A kto by chciał Mi służyć, niech idzie za Mną…

A
Szczęść Boże! Moi Drodzy, pozdrawiam bardzo rano z Miastkowa, skąd zaraz wyruszam na trasę Pieszej Pielgrzymki Podlaskiej, by zawieźć tam Księdza Proboszcza, pełniącego na Pielgrzymce rolę Ojca Duchownego. Pełni ją niezmordowanie właściwie od początku istnienia Pielgrzymki Podlaskiej. Na wczoraj wrócił do Parafii, aby wziąć udział w uroczystym pożegnaniu Siostry Wiesławy, a dzisiaj już będzie znowu na trasie. 
         A dla mnie ten wyjazd będzie okazją, aby po sześciu latach przerwy znowu z bliska zobaczyć Pielgrzymkę, która przez ponad dwadzieścia lat była niezwykle ważnym wydarzeniem w moim życiu. Zresztą, nadal jest, tylko teraz głównie przez łączność modlitewną… 
       A przy okazji, proszę wciąż o modlitwę za Pielgrzymów, bo warunki ich wędrowania są naprawdę trudne. Niech Pan przyjmie ofiarę ich poświęcenia i wejrzy na intencje, z jakimi pielgrzymują…
                               Gaudium et spes!  Ks. Jacek

Święto
Św. Wawrzyńca, Diakona i Męczennika,
do
czytań z t. VI Lekcjonarza: Mdr 3,1–9; J 12,24–26
CZYTANIE
Z KSIĘGI MĄDROŚCI:
Dusze
sprawiedliwych są w ręku Boga i nie dosięgnie ich męka. Zdało
się oczom głupich, że pomarli, zejście ich poczytano za
nieszczęście i odejście od nas za unicestwienie, a oni trwają w
pokoju. Choć nawet w ludzkim rozumieniu doznali kaźni, nadzieja ich
pełna jest nieśmiertelności.
Po
nieznacznym skarceniu dostąpią dóbr wielkich, Bóg ich bowiem
doświadczył i znalazł ich godnymi siebie. Doświadczył ich jak
złoto w tyglu i przyjął ich jak całopalną ofiarę.
W
dzień nawiedzenia swego zajaśnieją i rozbiegną się jak iskry po
ściernisku. Będą sądzić ludzi, zapanują nad narodami, a Pan
królować będzie nad nimi na wieki.
Ci,
którzy Mu zaufali, zrozumieją prawdę, wierni w miłości będą
przy Nim trwali: łaska bowiem i miłosierdzie dla Jego wybranych.
SŁOWA
EWANGELII WEDŁUG ŚWIĘTEGO JANA:
Jezus
powiedział do swoich uczniów: „Zaprawdę, zaprawdę, powiadam
wam: Jeżeli ziarno pszenicy wpadłszy w ziemię nie obumrze,
zostanie tylko samo, ale jeżeli obumrze, przynosi plon obfity. Ten,
kto kocha swoje życie, traci je, a kto nienawidzi swego życia na
tym świecie, zachowa je na życie wieczne. A kto by chciał Mi
służyć, niech idzie za Mną, a gdzie Ja jestem, tam będzie i mój
sługa. A jeśli kto Mi służy, uczci go mój Ojciec”.
Patron
dnia dzisiejszego, Wawrzyniec,
był jednym z siedmiu diakonów Kościoła rzymskiego za czasów
Papieża
Sykstusa II. Pomimo, że wiele osób sławiło jego bohaterską
śmierć – jak chociażby Święty Ambroży czy Święty Augustyn –
to jednak wiadomości
historyczne o nim posiadamy bardzo skromne.
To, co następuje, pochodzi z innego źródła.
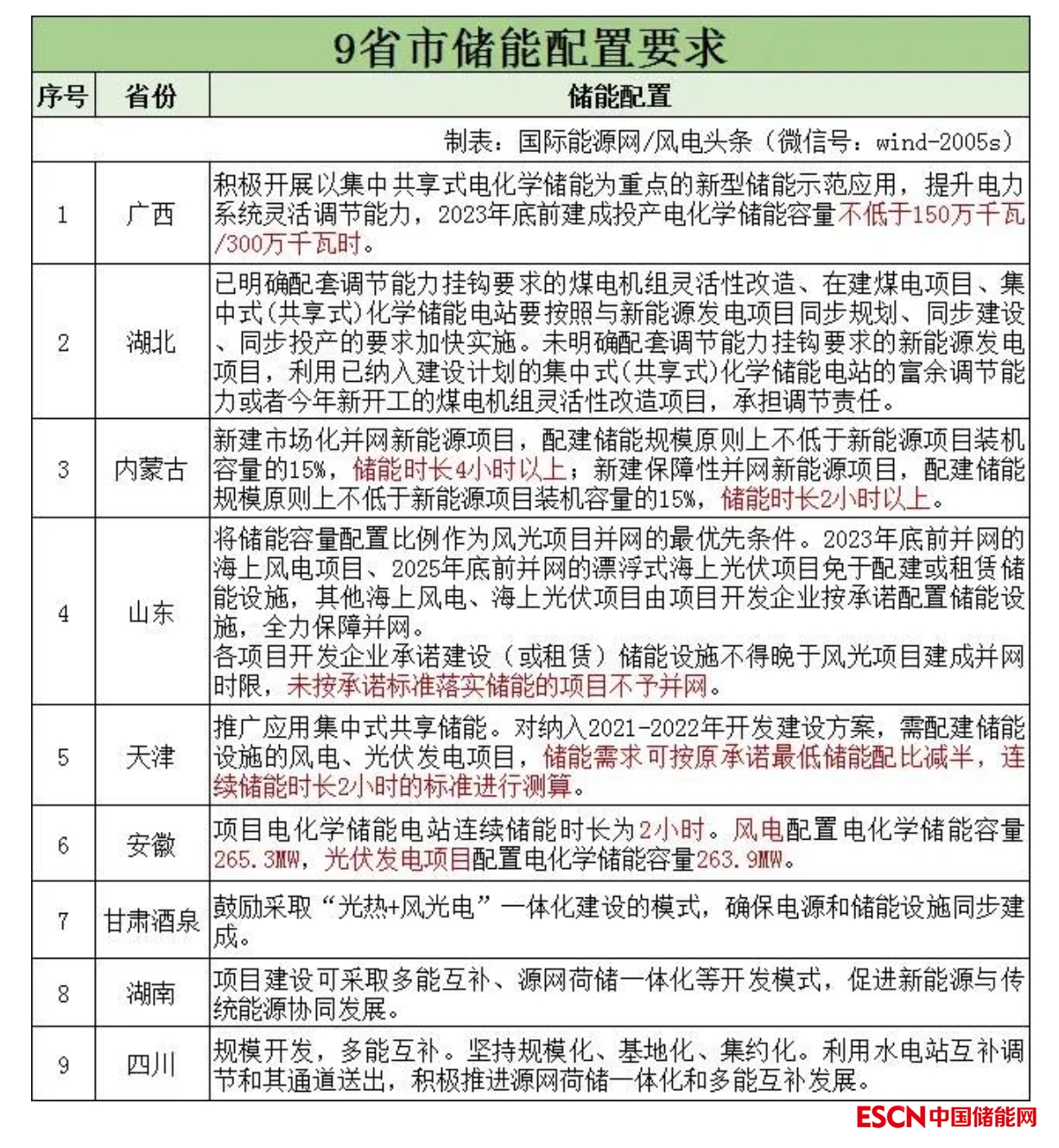 國際能源網(wǎng)/風電頭條(微信號:wind-2005s)梳理,廣西、湖北、內蒙古、山東、天津、安徽、甘肅酒泉、湖南、四川9省市明確風光配套儲能。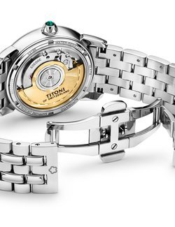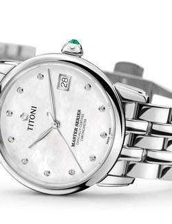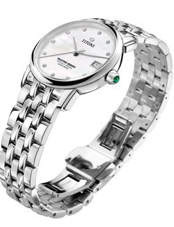 The mother-of-pearl dial of this fine watch comes with 12 full-cut, real diamonds. The hour and minute hands resemble the shape of a slender leaf. A further highlight of this timepiece is its crown. Designed with the curved forms of a plum flower in full bloom, the feminine crown carries a green stone like a pistil in the center, symbolizing the natural beauty of women.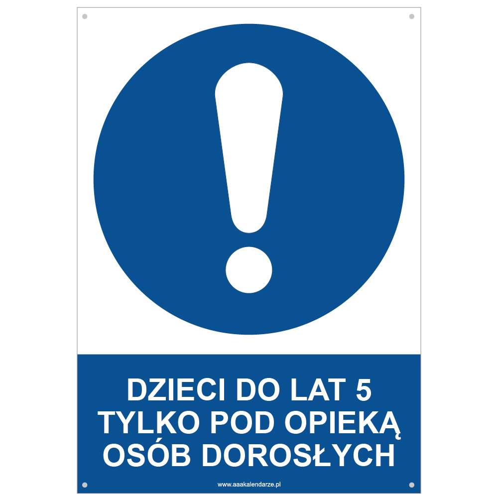 DZIECI DO LAT 5 TYLKO POD OPIEKĄ OSÓB DOROSŁYCH - znak BHP z dziurkami, płyta PVC A4, 2 mm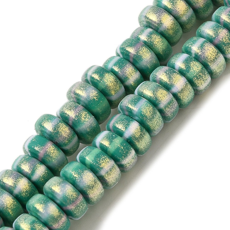 Streng van ca. 110 fimokralen in rondelvorm met goudkleurige glitter.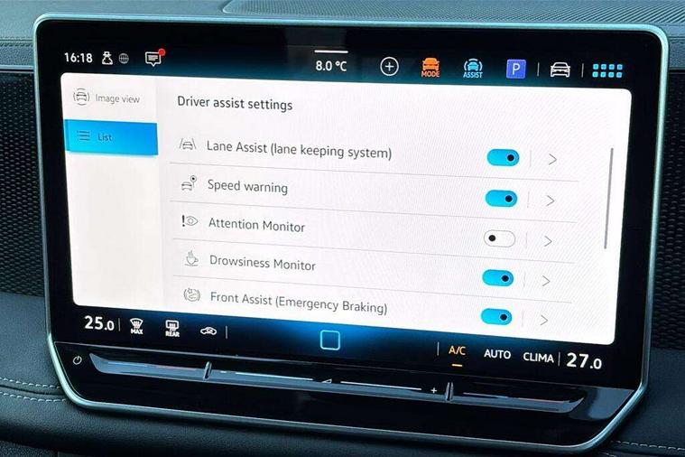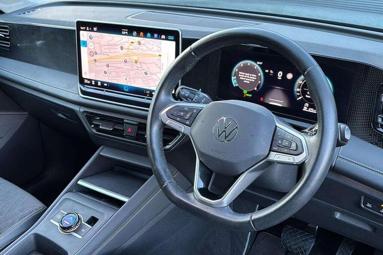 Adaptive cruise control (ACC), Advanced driver attention and drowsiness monitor, Bluetooth mobile phone interface, Digital Cockpit Pro - 10.25" high resolution dash display screen with customisable menus and information, Dynamic road sign display, E-Sim card for online connectivity, eCall emergency call service, Front Assist - Autonomous emergency braking with pedestrian and cyclist monitoring, Lane change system, Side assist, Rear traffic alert and Exit warning system, Lane keeping system Lane Assist, Multifunction front facing camera, Oncoming vehicle braking when turning including swerve support, Park assistance plus with front and rear parking sensors, Power assisted steering with speed sensitive, Start/stop system with regenerative braking, Warning signal and warning light for front and rear seatbelts not fastened, Wireless App-Connect, Front wheel drive, Digital radio reception (DAB), Diversity antenna for FM reception, Ambient lighting with logo projection, Auto dimming interior rear view mirror, Automatic headlight control system, Body coloured bumpers and air intake with chrome trim, Body coloured door handles, Body-coloured exterior mirror housings, Coming/leaving home lighting function, Heat insulating glass in side and rear windows, Heat insulating windshield, Heated rear window, High level 3rd brake light, Illuminated door handle recesses, Illuminated lightline between headlamps, Rain sensor windscreen wipers, Rear fog light on one side, reversing light on both sides, Rear side wing doors, Rear wiper, 12V outlet in center console rear and in luggage compartment, 12V socket in centre console, 3 bench rear seats in 2nd row, Air care climatronic 3 zone air conditioning system with rear air conditioning control panel, Carpet mats, front and rear, Centre console with illuminated storage compartment with sliding cover and two drinks holders, Ceramique headlining, Door and side trim panel in foam film and woven fabric, Front centre armrest, ISOFIX anchors for child seats on outer rear seats and front passenger seat. Compatible with i-Size, Mechanical rear seat release, Power adjustable lumbar support in front, Rear bench seat, split folding, longitudinally movable and folding with load-through hatch and centre armrest, Safety optimised front head restraints, Single front passenger seat, Sun visors with illuminated vanity mirrors, Three rear head restraints, Variable luggage compartment floor, Comfort package incl. Memory feature for Park assist and Safelock - Tiguan, Design package - Tiguan, 3 point seat belt for centre rear seats, 3 Point seat belts in front with pretensioners, 3 point seatbelts in outer rear with ECE label, Driver and front passenger airbag with front passenger airbag deactivation, Electronic parking brake with auto hold, Front and rear curtain airbags, Front and rear side airbags, Front centre airbag, Front disc brakes, Manual child proof rear door locks, Rear disc brakes, Two tone horn, Warning triangle, Anti theft wheel bolts, Soul instrument panel, Airstop tyres,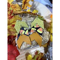 Stunning statement earrings made from lightweight genuine leather. Top circle is a turquoise and gold birch bark pattern and large bottom circle is a shiny gold leather. Ear wires are gold filled. Total length is 3.5 inches. These earrings are perfect for evening wear or a daytime touch of sparkle!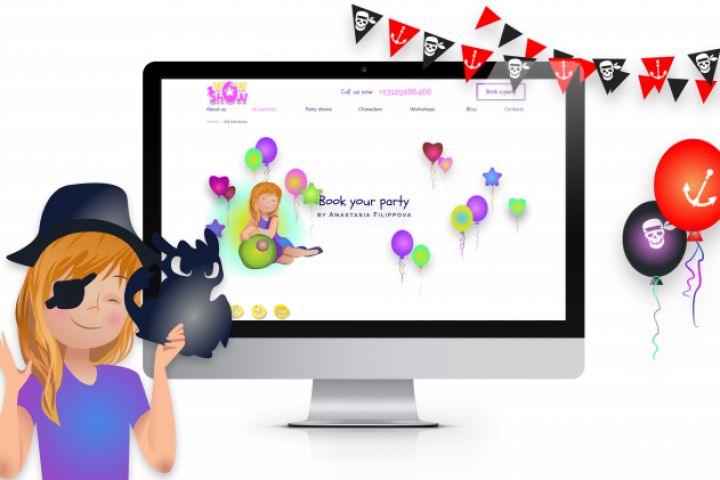 Уникальные услуги требуют уникального представления. Для аниматора из Чикаго мы создали персонажа бренда. Сайт наполнен яркими иллюстрациями, легкой анимацией для создания атмосферы праздника с первой же страницы. Его будет интересно рассматривать детям и удобно сделать заказ родителям.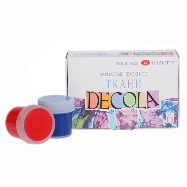 Акриловые краски по ткани 6 цв. Невская палитра 'Decola' по 20 мл., картон. уп., 4141025;191043
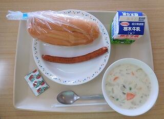 今日の献立は、ホットドッグ、牛乳、白インゲン豆のクリームシチューです。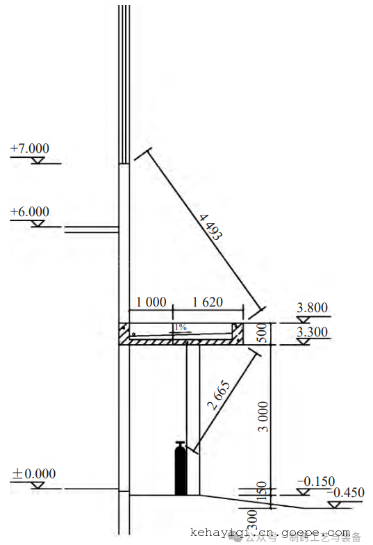 根据各类常用可燃气体的特点,可知一般爆炸性危险 2 区划分,在平面上一般需要半径 4.5 m,立面上根据气体类型不同,4.5 m 或 7.5 m 不等。在平面布置设计中,首先需要确定释放源。如果能固定气瓶摆放的位置,可以以气瓶出口和汇流排等主要的阀门、法兰、快接口为释放源点。但实际生产中往往会出现更换气瓶、检修等情况,气瓶间内也需要考虑空瓶的暂时堆放,而此“空瓶”只是压力不满足使用需求,仍然有泄漏的风险。因此,一般以气瓶间的栅栏为释放源的边界,划定爆炸危险性区域平面范围。确定爆炸危险性区域后,应避免将相邻的室内房间划入爆炸危险性区域,否则会增加不必要的成本。平面布置上,在 4.5 m 半径范围内不宜有门、窗、墙孔。在立面布置上,根据可燃气体密度的不同,从释放源向上的 4.5 m 或 7.5 m,也不宜开窗或开墙孔。如果开窗,窗台高度需要超出爆炸性危险性区域的范围。在某设计实例中,一层层高为 6 m,二层窗台高1 m,假定气瓶出口高度为 1.2 m,考虑到室内外高差后,与窗台高差仅为 6.35 m,当放置甲烷气体钢瓶时,二层房间将被划进爆炸性危险 2 区范围。因此采用了出挑混凝土结构雨蓬的方法,如图5 所示,设置雨蓬后,即使气瓶沿气瓶间栅栏外侧放置,气瓶出口到二层窗户的距离为 2.665 + 0.5 + 4.493 = 7.658 m,超过了 7.5 m 的范围,避免将爆炸性危险区影响二层。但采用此方法时,需要注意采取措施,避免氢气等轻质可燃气体在雨蓬下积聚。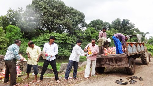 6. Before arrival of HJS activists, 2 tractors were full of idols donated by devotees at Kasaba; but as HJS activists came and explained importance of immersion to devotees, they carried idols for immersion at ‘Teen Hatti Chowk’ which was at a distance of 1 km.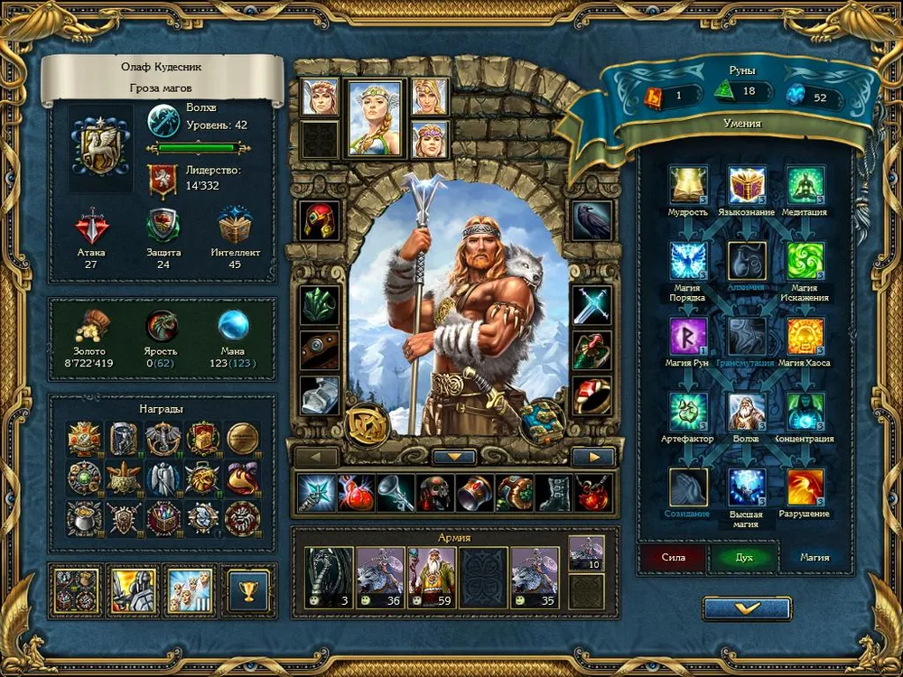 На мой взгляд, в умениях духа нужны «Разведка», «Обучение» и «Сила духа». В умениях силы – вся левая ветка и три верхних позиции правой. Где бы ещё набрать столько рун силы…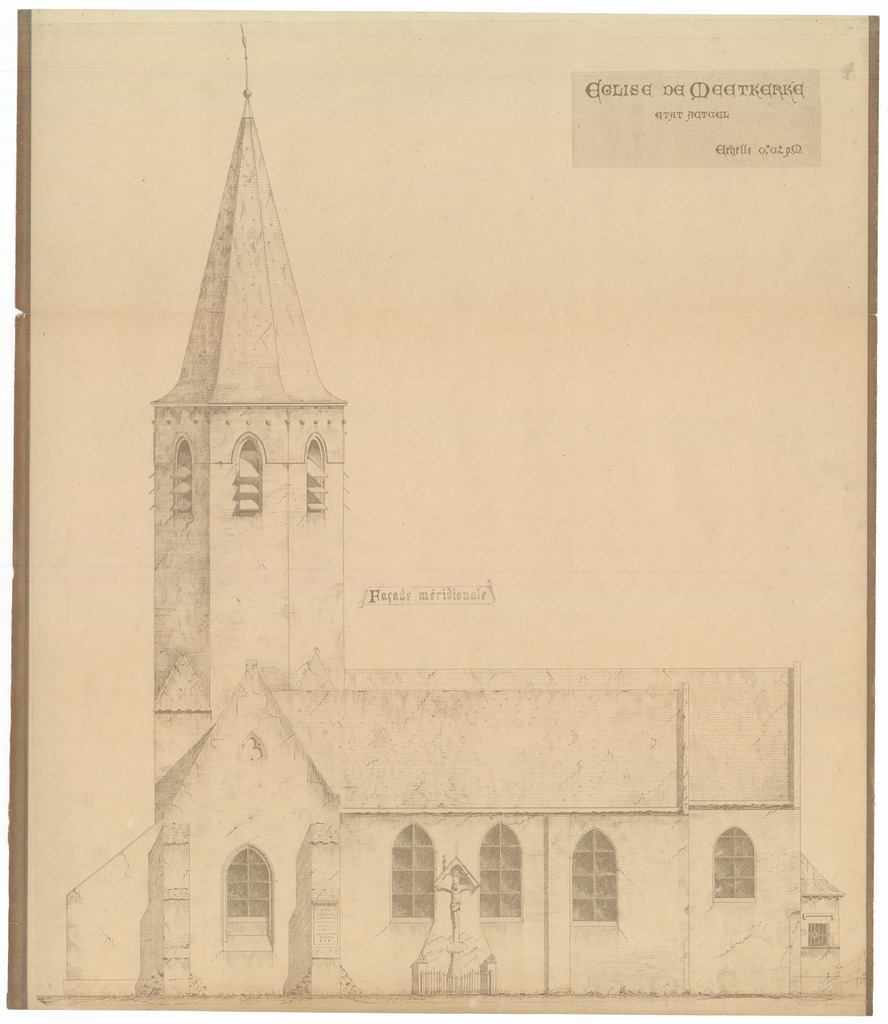 Opschrift: Eglise de Meetkerke. Etat actuel Omschrijving plan: opstand Z-gevel Datum KCML: deze informatie wordt niet vermeld op het archiefstuk Archiefnummer: W1880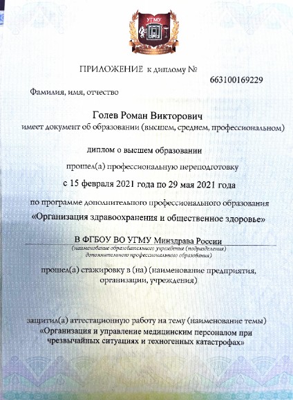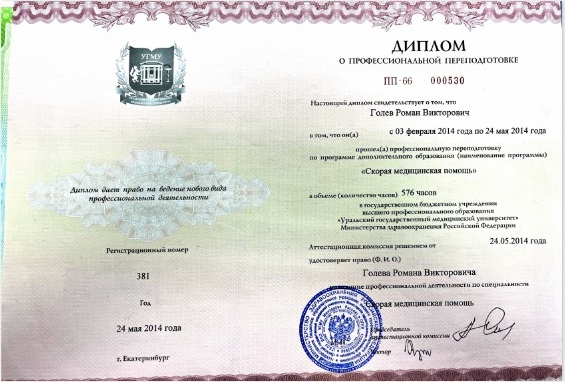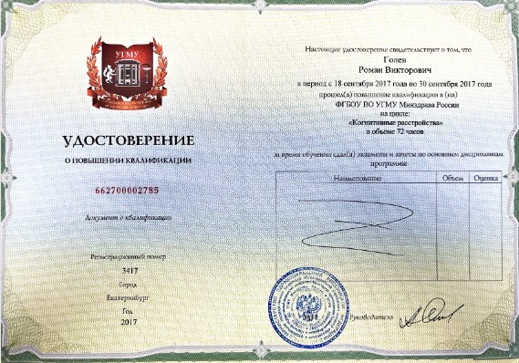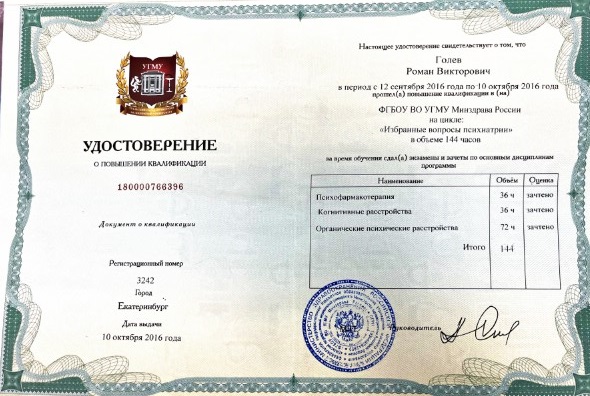- Ординатура по специальности "Психиатрия" в Уральском государственном медицинском университете.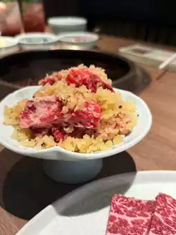 Contains thinly sliced shoulder meat, beef fillet, bare body and wagyu frosted meat, each piece of meat is quite fresh, grilled on the outside and tender inside 😌, full of taste. Especially the wagyu frosted meat, the oil is evenly distributed, melts in your mouth, it is really intoxicating🤤.

Właściwie źródłem jedynym jest „Liber
Pontificalis”
– „Księga Papieży”, który śmierć
Wawrzyńca wiąże bezpośrednio z męczeństwem Świętego Papieża
Sykstusa II,
zamęczonego
dnia 6 sierpnia 258 roku, wraz ze swoimi czterema diakonami.
Niektórzy
pisarze współcześni w
tym samym dniu i w tych samych okolicznościach sytuują męczeństwo
Wawrzyńca.
Temu jednak
stanowczo sprzeciwia się powszechna i najdawniejsza tradycja
rzymska. Jej wyrazem jest Passio”,
czyli opis męki wielkiego Diakona.
Według
niej, Wawrzyniec miał być wyłączony z grupy skazanych na śmierć
wraz z Sykstusem II.
Grupa ta stanowiła swoisty orszak
Papieża.
Wawrzyńca
początkowo z niej wyłączono, bowiem był
on administratorem majątku Kościoła w Rzymie.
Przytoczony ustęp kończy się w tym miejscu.